Determines how verbose savelogs is when it's writing its own internal messages. Valid values are between 0 and 5 inclusive.

Example:

    LogLevel            3

The general rule of thumb for savelogs logging is this:

    Level  What will be logged
    =====  ===================
    0      no output except fatal errors
    1      Level 0 + start/finish stats, errors
    2      Level 1 + warnings, logfiles to process
    3      Level 2 + chdir, filter, phase completion
    4      Level 3 + phase core actions, phase beginning
    5      Level 4 + everything else

The first few times you run savelogs, try a higher loglevel value to see what's happening with your log files. Once you're comfortable with how savelogs works, you may turn it down a few notches (level 1 is usually fine) so at least you can check to see if your cronjob actually ran ;o)

logfile=[stdout|stderr|/path/to/log]

savelogs, depending on the loglevel you've specified, writes what it's doing, such as moving, archiving, or deleting, etc. logfile tells savelogs where to write all these messages.

The default value for logfile is stdout which means that your output will go to the screen unless you've redirected STDOUT. You may also specify stderr or the path to a file where you'd like messages to be appended.

Example:

    LogFile             /var/log/savelogs.log

How Savelogs Finds Logs to Process

savelogs normally just processes the logs you specify on the command-line (items on the command-line that are not recognized as options are assumed to be log files to process).

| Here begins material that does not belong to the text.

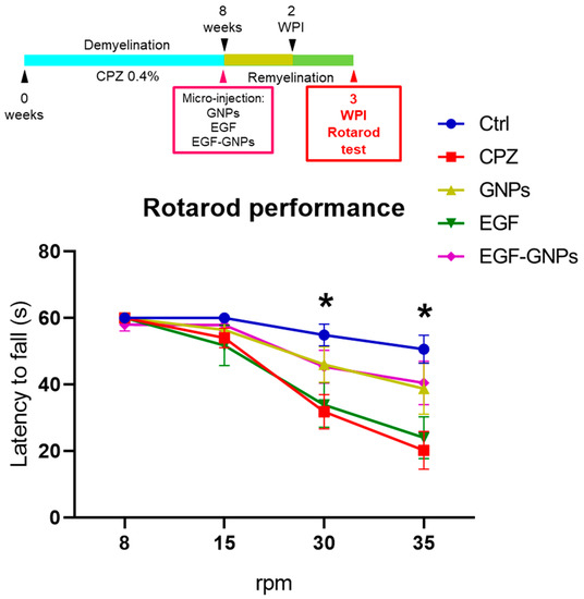Motor coordination. Motor coordination was assessed at 3 WPI. Differences in motor performance were more evident with the rotor speeds of 30 and 35 rpm. Ctrl (n = 10), CPZ (n = 12), GNPs (n = 8), EGF (n = 8) and EGF–GNPs (n = 8). Data are expressed as the mean ± SE. * p ≤ 0.05; Kruskal–Wallis test with Bonferroni correction. At 30 rpm speed, asterisks indicate differences between the Ctrl vs. CPZ (p = 0.003) and EGF (p = 0.010). At 35 rpm speed, Ctrl vs. CPZ (p = 0.001) and EGF (p = 0.005).

You may also save wear on your finger tips and phosphor in your monitor by using the following directives.

Log=/path/to/log

This works just like adding a file on the command-line, but is included so that you can put log files you want processed in a configuration file. It will also work on the command-line:

Example:

    savelogs --log=/var/log/messages

is the same as:

    savelogs /var/log/messages

which is also equivalent to a config file named '~/etc/savelogs.conf' with this single line:

    Log                  /var/log/messages

and invoked like this:

    savelogs --config=/etc/savelogs.conf
apacheconf=/path/to/httpd.conf

If you specify this option, giving it a valid httpd.conf file, savelogs will parse your Apache configuration file looking for standard log file directives. Any files found will be processed.

Example:

    savelogs --apacheconf=/www/conf/httpd.conf

or in your configuration file:

    ApacheConf          /usr/local/etc/httpd/conf/httpd.conf
apachelog

This option allows you to tell savelogs which logs to process in the httpd.conf file specified by apacheconf. The default value for the apachelog directive is:

    TransferLog|ErrorLog|AgentLog|RefererLog|CustomLog

You may do something clever like this:

    savelogs --apacheconf=/www/conf/httpd.conf --apachelog=TransferLog

which would archive all of your access_log files. Then after running this command, you could do this:

    savelogs --process=delete --apacheconf=/www/conf/httpd.conf \
             --apachelog=ErrorLog

which would delete your error_log files.

In general, the fewer values you specify in the apachelog directive the faster savelogs will find your log files (though the speedup really is negligible, it may also save you from rotating logs you didn't want to).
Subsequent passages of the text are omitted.